I find the most joy in sharing these experiences when I feel like I can share some sort of insight with people I care about. I find that as I get older, some of those lessons are tougher to talk about, to articulate, to express fully. This realization is what has led to me “rebranding” my blog.
I want to shift to the uneasy – lean into the discomfort. And I want to do that with you.
It won’t be for everyone and that’s ok.
They’ll be longer and heavier. Hopefully, they’ll be more thought-provoking. Hopefully, they’ll make you think of your own story. Your own lessons.
This is no attempt at educating, proselytizing, or counseling. This is me humbly sharing my stories and diving deeper into the feelings and emotions.
But what to call it? For one, I don’t live in the Last Frontier anymore – I live in the mountains of western North Carolina. Secondly, although I will also be adventurous at heart, this time in my life is about setting roots, settling in, absorbing and enjoying this life I’ve created.
A personality descriptor that I would use to describe my mom and myself would be melancholy.
A feeling of pensive sadness, typically with no obvious cause.
That’s not to say we were or are always sad – but it happened from time to time. I remember my mom crying in the driveway before church one day and I was probably 5-6 years old. I went up to her and asked why she was crying and she just said “I don’t know sweetie, but it’s ok” and hugged me close. And it was ok.
My emotions help define me, quiet or not. We aren’t very excitable people. We aren’t the exclaimers, the screamers, the ooers and ahhers of babies, weddings, or celebrations.
We bring people together in a more subtle, subdued but fierce manner. Our love is true and our actions tend to do more of the talking because frankly, we can get worn out by talking too much.
November Blue is one of the most meaningful songs in my life. As a Type 4 (enneagram), music and songs can be irreparably imprinted on me. This song is by The Avett Brothers, a North Carolina based folk/Americana band whom I’ve now loved for almost a decade.

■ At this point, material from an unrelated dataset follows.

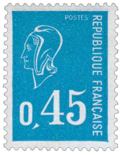| Commentaire | Nota : les timbres imprimés en typographie ne sont pas revêtus de la signature du dessinateur ni du graveur Le timbre-poste français de type Marianne de Béquet à 0,45 franc bleu, émis en 1971, s’inscrit dans la longue tradition des figurines d’usage courant représentant la République française, destinées à accompagner la vie postale quotidienne sur une durée étendue. Mis en vente générale le 8 février 1971 après une vente anticipée le 6 février à Paris, ce timbre appartient à la série dite « Marianne de Béquet », conçue pour succéder aux types précédents tout en réaffirmant la continuité symbolique de Marianne comme allégorie républicaine. Utilisé pour l’affranchissement du pli intérieur non urgent de 20 à 50 grammes, correspondant au deuxième échelon de poids, il répond précisément aux besoins tarifaires en vigueur au début des années 1970 en France. Imprimé en typographie, technique traditionnelle encore largement employée pour les timbres d’usage courant à cette période, il se distingue par un format vertical réduit et une présentation volontairement sobre, adaptée à une production massive en feuilles de cent exemplaires. Le dessin de Pierre Béquet propose un profil féminin épuré, coiffé du bonnet phrygien, renouant avec une iconographie républicaine lisible et accessible, tout en s’inscrivant dans une modernité graphique marquée par la simplicité du trait. Cette interprétation se situe dans la filiation directe des différentes Marianne apparues depuis la Libération, après les types Cérès, Mouchon, Merson, Semeuse ou encore Iris, et illustre la capacité de l’administration postale française à renouveler régulièrement ses figurines sans rompre avec l’héritage symbolique. Une particularité connue de cette émission réside dans la distinction entre timbres typographiés et gravés de la même série, identifiable notamment par la présence ou l’absence de la signature de Pierre Béquet sur la figurine, détail recherché par les collectionneurs spécialisés. Article rédigé pour WikiTimbres |

This song – specifically a live version done in NYC in a high school gym in the early 2000s – came on my YouTube station one night that was I terribly homesick living in Palmer, Alaska. It’s a longer song, over six minutes, and the recording is kind of shit – but I immediately fell in love. The agonal singing, heartbroken words, and enthusiastic guitar playing soothed my hurting soul.
I’ve probably listened to this recording hundreds of times – no exaggeration. When I’m happy, when I’m sad, when I’m lonely, when I’m bored. I’ve often played it over and over again for an hour on a long drive and only stopped when my throat hurt from singing (or my eyes hurt from crying). The song is about love and loss and there’s even a line about how her yellow hair is like the sunlight...
So, needless to say – November Blue is a song which is in the Stephanie Klein life soundtrack – may even be the title track.
So here I have an emotion, melancholy – or blue, and a song.
Well, as it turns out my birthday is in November. And then it just made sense.
Conscious expansion refers to my favorite nursing theorist — M. Newman and her theory of health as expanding consciousness. We are not merely well or unwell, our health and life all play a role in how we see the world and respond to it. The journey isn’t to find the lack of sickness, or sadness, but to figure out how that helps define who we are. This concept has helped me in many situations and saved me from constant anger at scenarios that I couldn’t fully understand at the time. It also helps me find peace when I accept that everything changes — so whatever I am going through — is exactly where I need to be. And this blog is my modest and humble articulation of how I see this journey.